Now, after I thought we had all this shit straightened out and you were going to lay off the hammering and nagging, yes...you f**ked this one all up. Mistrust, distrust, insecurity, doubt,..cmon man.

hopingthishelps
12-11-2013, 06:36 AM
i wasn't strong enough .. i hate myself even more now .. so sad .. she is so lovely .. now she hates me .. she has asked me to leave her alone and never see her again .. i just hope that in time she could forgive my bad behaviour .. i think I have pushed too much now.. where do i go from here?

hopingthishelps
12-11-2013, 06:38 AM
i have my heart on my sleeve, I am the first to accept my faults .. I have been having cognitive therapy for over 6 months, various prescriptions from the doctor. even tried talking to a priest .. perhaps I will be like this forever and never to be able to trust.

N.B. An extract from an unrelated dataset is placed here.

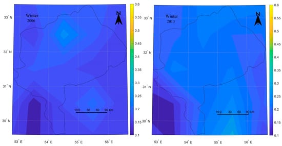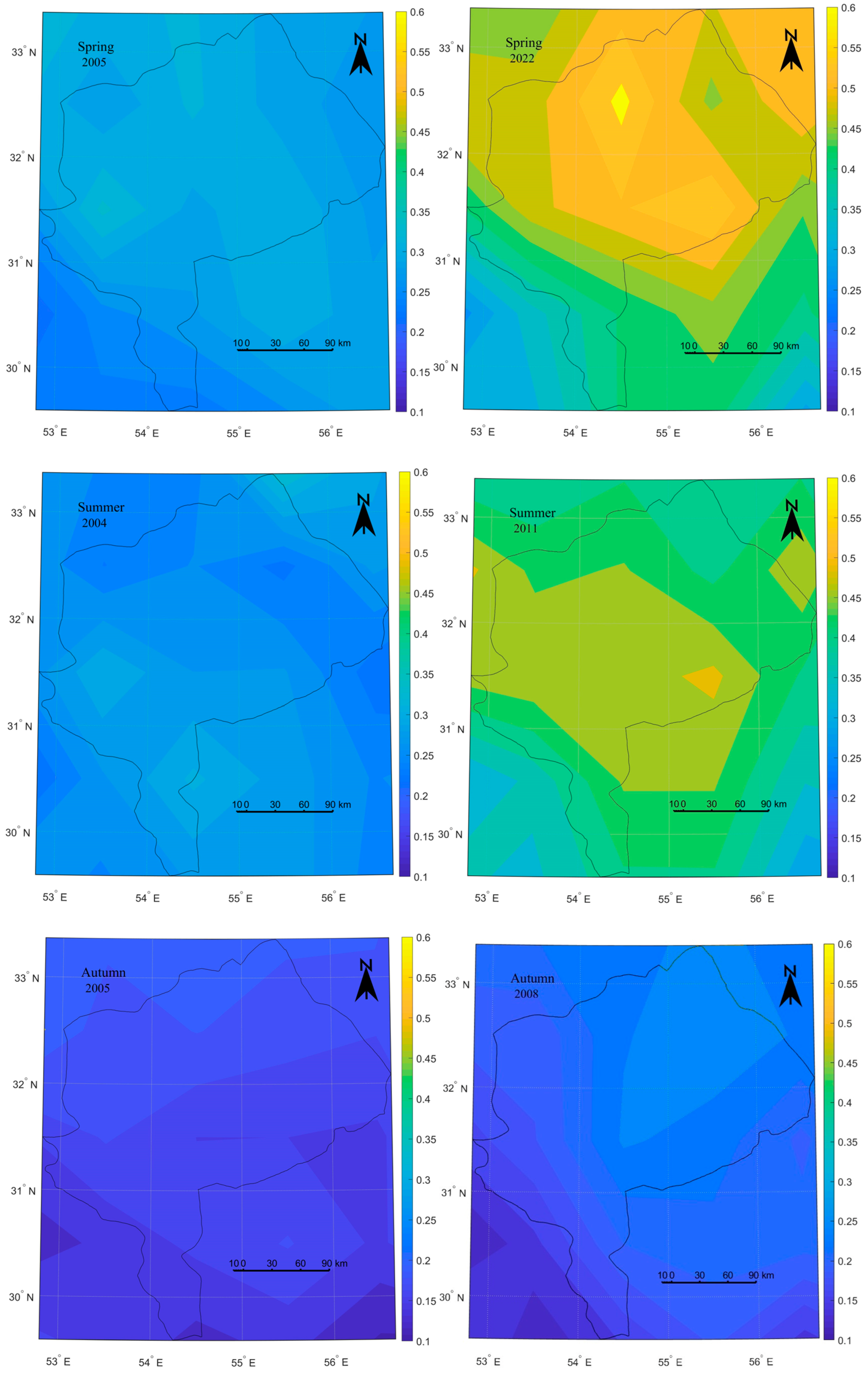 To provide a more comprehensive analysis, the periods with the highest and lowest Aerosol Optical Depth (AOD) values were selected for each season, and spatial distribution maps were generated for the corresponding years (Figure 11). In winter, the lowest and highest AOD values were recorded in 2006 and 2013, respectively, with values of 0.16 and 0.28. For spring, the minimum and maximum AOD values occurred in 2005 and 2022, with values of 0.27 and 0.48. Summer exhibited its lowest and highest AOD values in 2004 and 2022, corresponding to 0.24 and 0.39, respectively. In autumn, the minimum and maximum AOD values were observed in 2005 and 2008, with values of 0.14 and 0.29. The highest AOD values were generally observed during the spring and summer seasons. Notably, the minimum AOD values in these warmer seasons were even higher than the maximum values recorded in winter and autumn. These findings indicate that aerosol impacts on air quality are most pronounced during the warmer months. Further research is therefore needed to better understand the factors driving the seasonal variability of AOD.

I'm a good person with a good heart and I just don't know why I am having to live like this … its horrible .. i'm just in shock now .. feel nothing

Enduronman
12-11-2013, 06:45 AM
Shit!!!
You have got to get her into your therapy session asap! Not meet up before, have her meet you there and tell your therapist what YOU did...Then, get on your friggin knees in front of them both and admit this failure, take all the blame, and ask her for forgiveness....Don't demand an answer right there from her! Just do it and let her get up, and walk out of the room and complete your session. Then, she'll come back within the next day but do NOT beg, push, force her dude!!! No text, calls, letters, knocking on the door, stalkiing, singing with a f**kin guitar, none of that...just do this....And accept that this next shot, is all you get man.

You got this.

hopingthishelps
12-11-2013, 07:04 AM
i have told her I won't contact her again .. i asked her to please just meet me at the therapy session on Saturday morning…. what a fool …. but there will be no texts, calls, stalking etc … i gotta sit with this now .. my wrong .. my fault

Enduronman
12-11-2013, 07:08 AM
Exactly friend. Yes, have (allow) her to get in there FIRST and then you come in a little late like 5 mins...not you sitting in there waiting on her. IMPORTANT. The focus will be on you. Get it?....It'll be ok man, just lighten up because you MUST.
NO CONTACT.
I know that'll be tough, but you have to do that part too...
Trust me on this one bruh.....
We cool? Understand?

E-Man.

hopingthishelps
12-11-2013, 07:11 AM
thanks you so much .. your the only person I have to talk with who understands .. i just hope she will come .. i left it that I won't contact her, and she knows where my therapist is and at what time .. fingers crossed she will come .. i guess if she doesn't want to, I will have to accept that its over.